Republican condemnation of the former president was rare. Will Hurd, a former Texas congressman, said Trump’s presidential bid was “driven by an attempt to stay out of prison and scam his supporters into footing his legal bills”.

Hurd added: “Furthermore, his denial of the 2020 election results and actions on 6 January show he’s unfit for office.” If Republicans “make the upcoming election about Trump, we are giving Joe Biden another four years in the White House”, he said.

Mike Pence, Trump’s former vice-president, who refused to bow to pressure not to certify the election results, said the latest indictment was “an important reminder anyone who puts himself over the constitution should never be president of the United States”, adding that Trump’s candidacy meant “more distractions”.

Most, however, implicitly backed the former president, although often without naming him. The South Carolina senator Tim Scott claimed that “Biden’s justice department” was “hunting Republicans, while protecting Democrats”.

Byron Donalds of Florida, a hard-right Trump ally, said Trump was the victim of “selective use of … the federal government” while prosecutors “concoct sweetheart deals for Hunter [Biden], Hillary [Clinton] and the rest of the Democrat darlings”.

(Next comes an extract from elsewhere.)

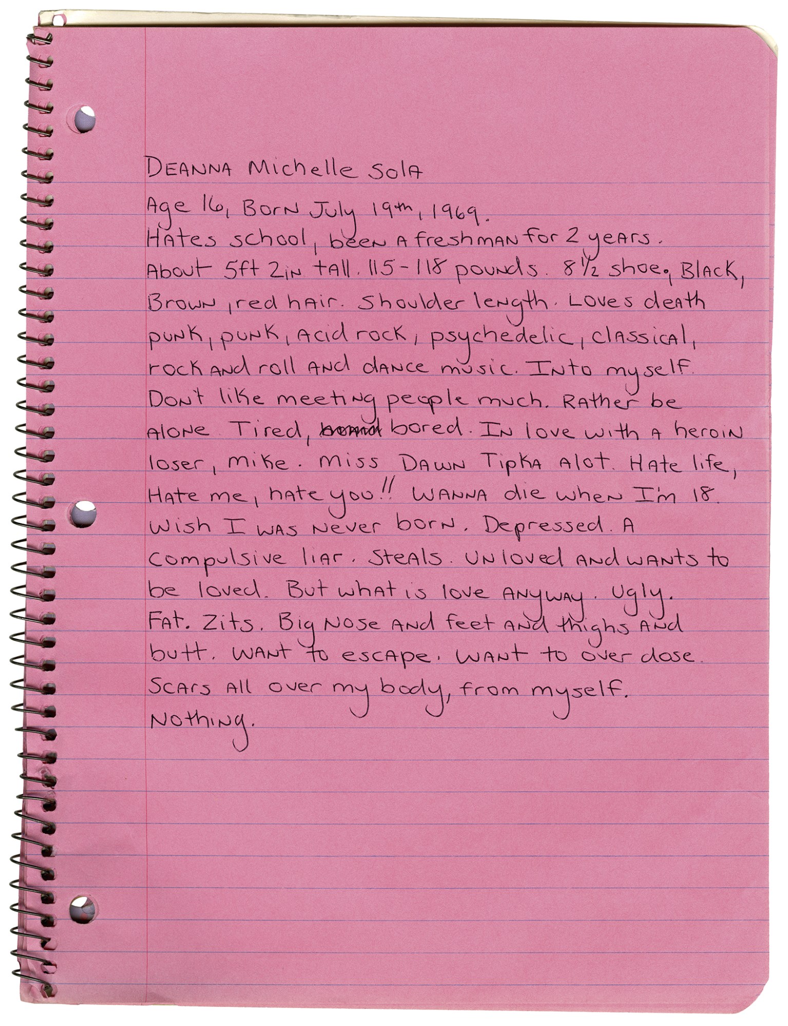 “These young women that I photographed had a lot in common,” she says. On the surface, the girls share a punk aesthetic, sure — many wear T-shirts of bands, have tattoos, etc. But it was self-loathing that emerged as the common thread. One girl Deanna photographed in 2006 had the word UGLY scrawled on her torso. “I think she might have said ‘I hate myself’ or something. I think that one had the most impact on me because I felt like what was written on her stomach was written on the pages in my journals.”

Democrat and progressive reactions to the indictment reflected the deep divide in US politics. Nancy Pelosi, a former House speaker who oversaw two Trump impeachments, said the charges outlined “a sinister plot”.

The House Democratic leader, Hakeem Jeffries, and the Democratic Senate leader, Chuck Schumer, said Trump’s third indictment “illustrates in shocking detail … a months-long criminal plot led by the former president to defy democracy and overturn the will of the American people”.

Noah Bookbinder, the president of Citizens for Responsibility and Ethics in Washington, called the latest charges “the most significant [Trump] has yet faced because they address the most serious offense he committed: trying to block the peaceful transfer of power and keep himself in office”.

Michael Waldman of the Brennan Center for Justice at New York University’s School of Law said the magnitude of the indictment “matches the magnitude of what Trump tried to do, which is to overthrow the constitutional system to stay in office”.

Meagan Hatcher-Mays, of the campaigning group Indivisible, highlighted why Republicans still backed Trump, whom polls put level with Biden if the pair face each other again in 2024.

“Republicans only care about their power,” she said, “and they will stop at nothing to stay in it. Trump is … just the loud, obnoxious tip of the iceberg.”